橋下市長が以前からの持論であった体罰容認論を撤回し、体罰厳禁を表明して対策に乗り出し話題になりましたが、方針転換するに至ったきっかけは桑田真澄氏のインタビュー記事らしいです。確かに選手としての実績があり、指導者としても優れた資質を持つ桑田氏の言葉は説得力があります。(http://www3.nhk.or.jp/news/web_tokushu/0111.html) 体罰で人を育てるというのは前時代的、かつ安易で矛盾した指導法であり、指導者の勉強不足と言わざるを得ないという意見は頷けます。確かに暴力を使わなくても指導はできると思います。それは家庭のしつけでも学校教育でもプロレベルのスポーツでも仕事でも同じだと僕も思います。

自分の経験から言うと学生時代、フライトの訓練の場では僕らの時代は普通に体罰がありました。担当された教官の運が良かったので僕が直接体罰を受けた回数は極めて少なかったですが、同期や後輩の中には平手打ちやゲンコツは普通に、クリップボードの角で叩かれたり、操縦してる横から正拳突きを食らったりしてる人もいました。時には鼻血を出したりあざができる人もいたぐらいです。でも当時はそれが普通だったし、人の命を預かる仕事をするための訓練であり、訓練飛行自体も命がかかっているのだから、学生が犯したミスに対して教官から制裁されるのは当然だとほとんどの学生が思っていました。 会社に入ってからの訓練の教官は優しく、体罰など全くあり得ないような雰囲気での訓練だったので最初は少し拍子抜けし、その後すごく楽に訓練できることに驚いたものでした。もちろん、訓練効果は体罰があった時よりも効果的であったと思います。初期の訓練における体罰は「しつけ」的な要素が強かったと思いますが、仮に「しつけ」であるとしても体罰によるしつけは恐怖による支配なので、自分で学ぶ姿勢は育たず、逆にトラウマや恐怖心を残し、自立したPILOTを育てる真の教育にはならないと感じました。安易に暴力に頼ることなく、言葉や教育手法によって人を育てる指導者の指導能力を高めることが必要なのだろうと思います。
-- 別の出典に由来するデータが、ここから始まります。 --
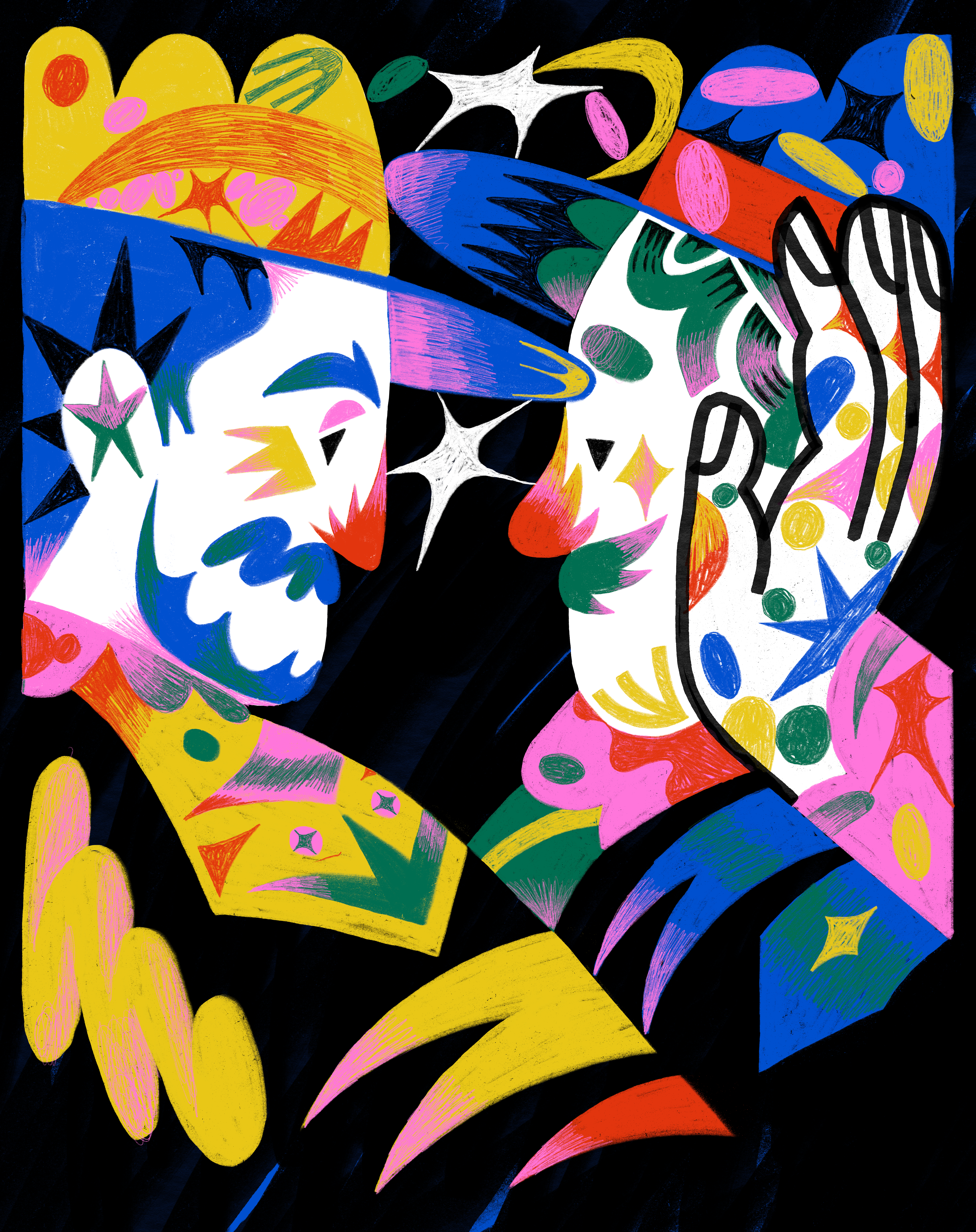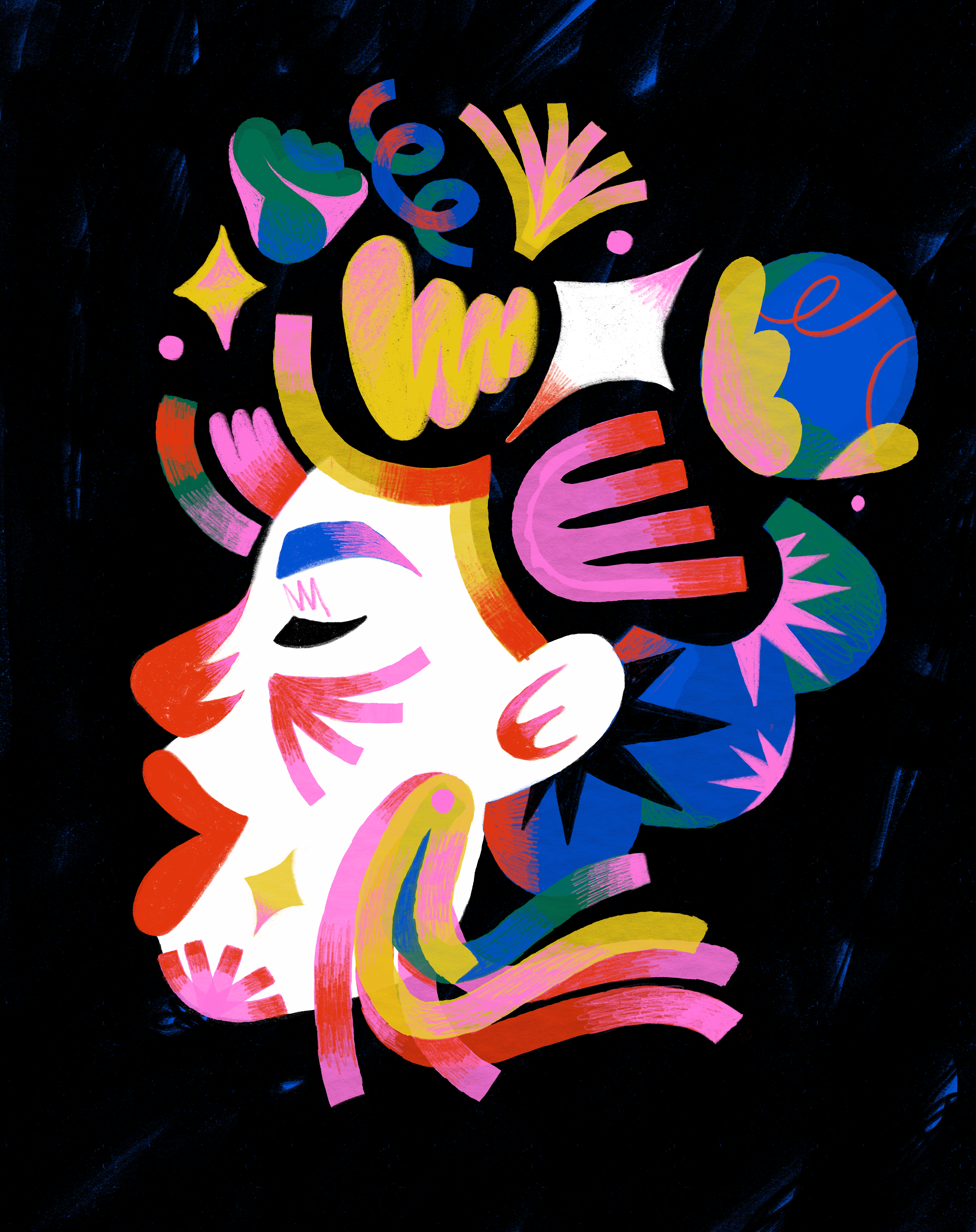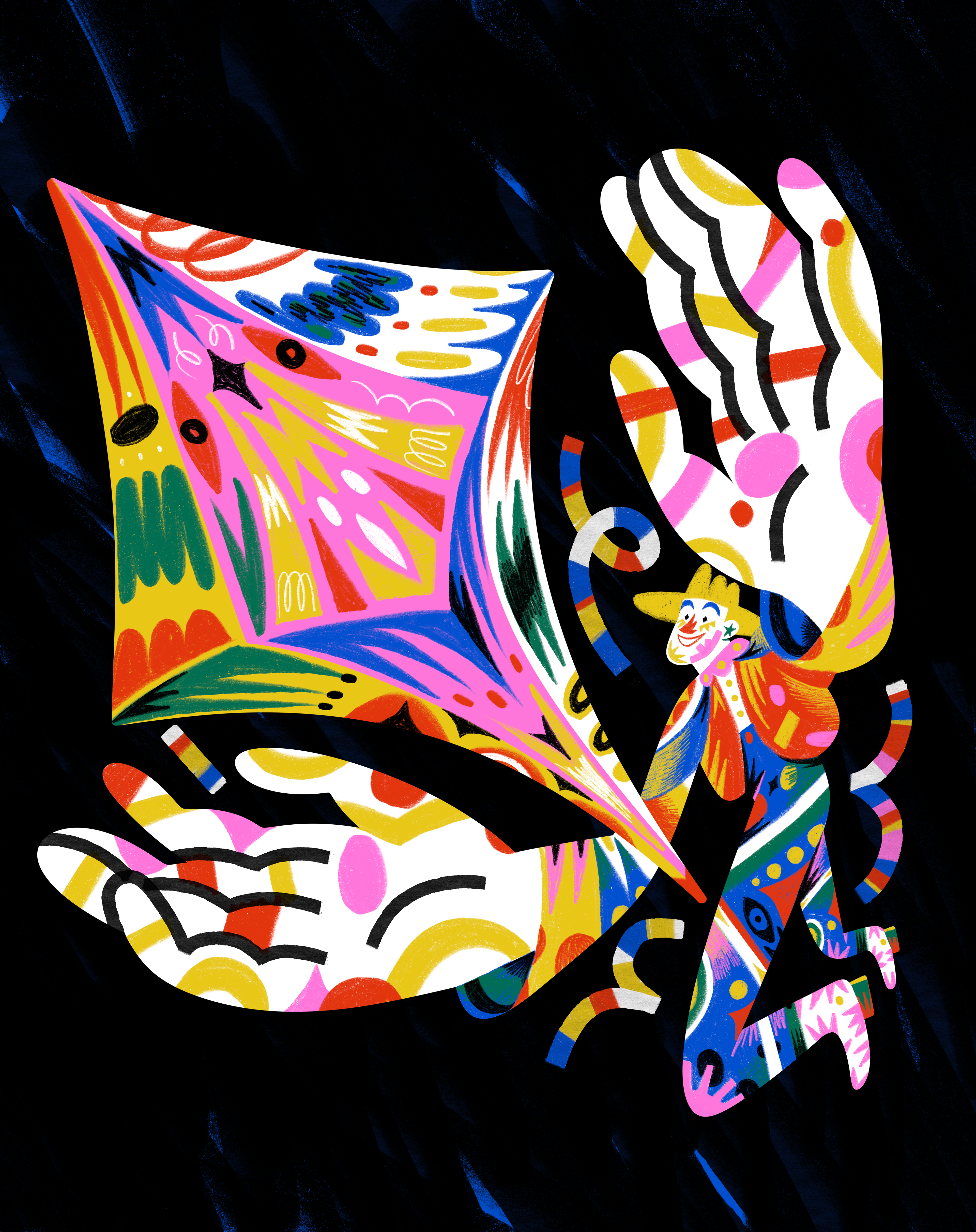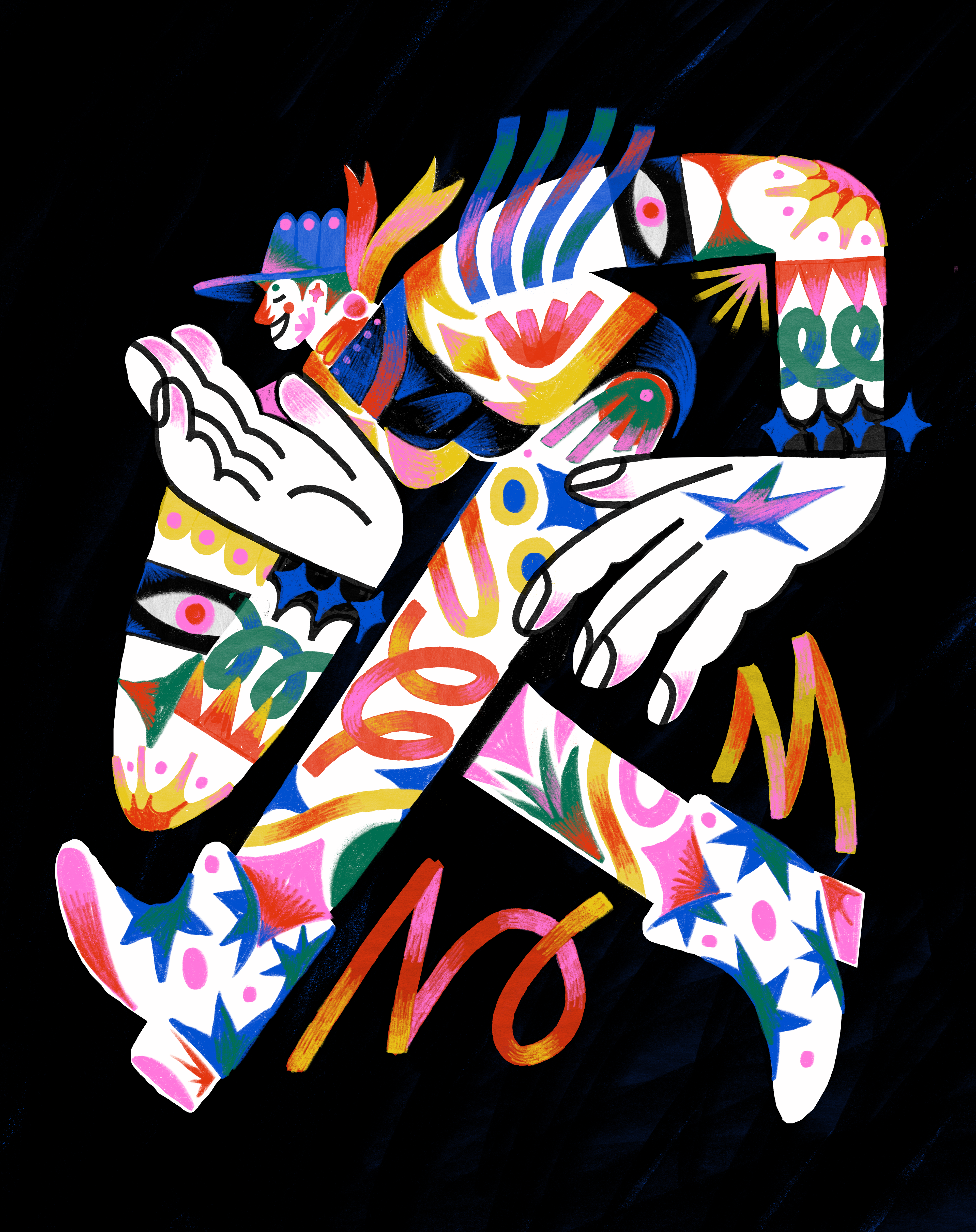 The colors of this project come from a palette that I already use and that is frequent in my work, but applied on a dark background to reflect the nighttime, the magical moment of this time of year when the bonfires are lit.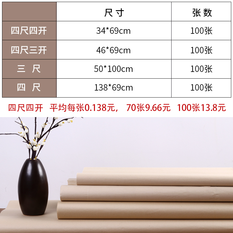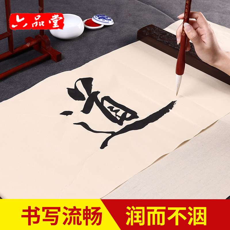 六品堂加厚手工毛边纸书法练习专用无格仿古宣纸练毛笔字纸纯竹浆元书纸写毛笔字半生半熟四尺六尺书写练字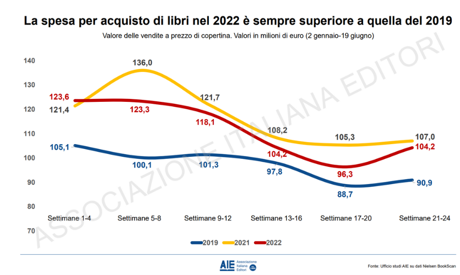 I dati parlano chiaro: rispetto al periodo pre pandemico leggiamo molto di più. Anche se i primi mesi del 2022 non sono riusciti ad eguagliare i numeri record del 2021 (come era prevedibile accadesse), gli italiani si dedicano molto di più alla lettura rispetto al 2019. Secondo le stime raccolte dall’Associazione Italiana Editori (AIE), nei primi sei mesi di quest’anno l’editoria (dai romanzi ai saggi, acquistati nelle librerie fisiche e online e nella grande distribuzione) ha venduto il 3,6% di copie in meno rispetto all’anno scorso. Ma, rispetto al 2019, il dato resta positivo, con un 14,5% in più di copie vendute (pari a 670 milioni di euro, 30 milioni in meno rispetto al 2021 ma 86 in più rispetto al 2019).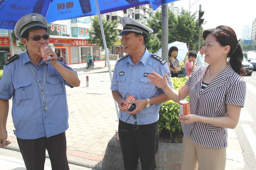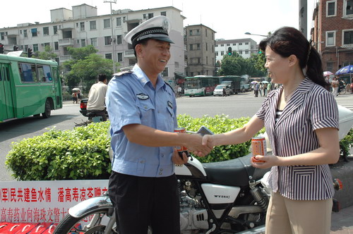 在接受广东电视台、广州电视台G4节目采访时,郑书记说:“夏季,因为长时间站在高达40多度马路中间执勤,吸入大量的灰尘和汽车尾气,70%的交警战士都患有不同程度的咽喉炎,他们更需要社会的理解、支持和关心。为炎炎夏日下坚守岗位的交警战士送上清润降火的凉茶只是潘高寿为创建文明城市、卫生城市奉献的一份爱心。希望这份爱心,能给交警战士们带来一丝清凉和无限滋润。海珠区交警大队黄副大队长对潘高寿表示感谢,称海珠区交警大队的200多名交警战士将继续坚守岗位,为维护良好的交通秩序和交通安全作贡献,并希望能调动广大市民、司机和更多的社会力量,全面推动交通安全宣传、参与创建卫生城市建设,营造和谐社会。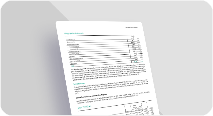 Consolidated Financial Statements Disaggregation of plan assets Sep 30, (in millions of €) 2023 2022 Equity securities 3,360 3,185 Fixed income securities 10,504 10,635 Government bonds 2,639 2,517 Corporate bonds 7,865 8,118 Alternative investments 5,207 5,491 Multi strategy funds 3,329 3,501 Derivatives 499 602 Cash and cash equivalents 818 699 Insurance contracts 2,039 2,090 Other assets 299 321 Total 26,055 26,523 Virtually all equity securities have quoted prices in active markets. The fair value of fixed income securities is based on prices provided by price service agencies. The fixed income securities are traded in active markets and almost all fixed income securities are investment grade. Alternative investments include hedge funds, private equity and real estate investments, thereof real estate used by the Company with a fair value of €608 million and €734 million, respectively, as of September 30, 2023 and 2022. Multi strategy funds mainly comprise absolute return funds and diversified growth funds that invest in various asset classes within a single fund and aim to stabilize return and reduce volatility. Derivatives predominantly consist of financial instruments for hedging interest rate risk and inflation risk. Future cash flows Employer contributions expected to be paid to defined benefit plans in fiscal 2024 are €230 million. Over the next ten fiscal years, average annual benefit payments of €1,945 million and €1,869 million, respectively, are expected as of September 30, 2023 and 2022. The weighted average duration of the DBO for Siemens defined benefit plans was 9 and 10 years, respectively, as of September 30, 2023 and 2022. Defined contribution plans and state plans Amounts recognized as expenses for defined contribution plans are €611 million and €611 million in fiscal 2023 and 2022, respectively. Contributions to state plans amount to €1,723 million and €1,630 million, respectively, in fiscal 2023 and 2022. NOTE 18 Provisions Order related Asset losses and retirement (in millions of €) Warranties risks obligations Other Total Balance as of October 1, 2022 1,497 481 564 1,471 4,013 thereof: non-current 551 235 185 886 1,857 Additions 769 284 5 371 1,428 Usage (388) (156) (11) (198) (753) Reversals (212) (101) (2) (189) (504) Translation differences (46) (37) (5) (30) (118) Accretion expense and effect of changes in discount rates 3 > (3) 4 5 Other changes including reclassifications to held for disposal and disposition of those entities (57) (1) 7 92 42 Balance as of September 30, 2023 1,566 470 556 1,521 4,113 thereof: non-current 585 207 179 823 1,794 The majority of the Company’s provisions are generally expected to result in cash outflows during the next five years. Warranties mainly relate to products sold. Order related losses and risks are provided for anticipated losses and risks on uncompleted construction, sales and leasing contracts. The Company is subject to asset retirement obligations related to certain items of property, plant and equipment. Such asset retirement obligations are primarily attributable to environmental clean-up costs and to costs primarily associated with the removal of leasehold improvements at the end of the lease term. Environmental clean-up costs relate to remediation and environmental protection liabilities which have been accrued based on the estimated costs of decommissioning the site for the production of uranium and mixed-oxide fuel elements in Hanau, Germany (Hanau facilities), as well as for a nuclear research and service center in Karlstein, Germany (Karlstein facilities). In May 2021, Siemens AG and the Federal Republic of Germany entered into a contract under public-law, based on which the obligation of final disposal of nuclear waste is transferred to the Federal Republic of Germany for a payment of €360 million. The contract and therefore the payment is subject to the approval of the EU commission under state-aid rules. Estimation uncertainties still relate to assumptions made to measure the obligations that remain with Siemens AG, regarding conditioning and packaging of nuclear waste, as well as intermediate storage and transport to the final storage facility “Schacht Konrad” or a logistics depot until year-end 2032. As of September 30, 2023, and 2022, the provisions total €480 million and €487 million, respectively. 25

 一方で学校教育の現場などで体罰を厳禁とすると、学級崩壊が更に多く起こると言う意見もあります。体罰が一切できないとなるとたちの悪い子供や保護者の方が増長し、授業妨害をしても教師がコントロールできなくなると言います。廊下に立たせる、正座をさせるなども体罰の一つと規定されているので教師は厳しい指導が必要な生徒に対し毅然とした対応ができません。本来ならばそういう生徒には別室での指導や保護者懇談、出席停止などの措置を取るのが筋なんでしょうが、理屈ではそうでもおそらく一担任教師にそこまでの対応をするのは簡単ではないであろうことが容易に想像できます。ちょっと平手で叩いたり、廊下に立たせる、正座をさせるなどの指示をして教室の秩序を保つという教師の行為が一概に「体罰」「暴力」として批判の対象としてよいものかどうか、悩むところでもあります。体罰を全面的に禁止するのではなく、行き過ぎを防止しどう運用するかを考えることが大切だという意見にもケースによっては頷けるところがあります。大人数の集団教育である学校というところは特に難しいと思いますが、やはり「罰」は必要だと思います。体罰ではない罰って何があるんでしょうね。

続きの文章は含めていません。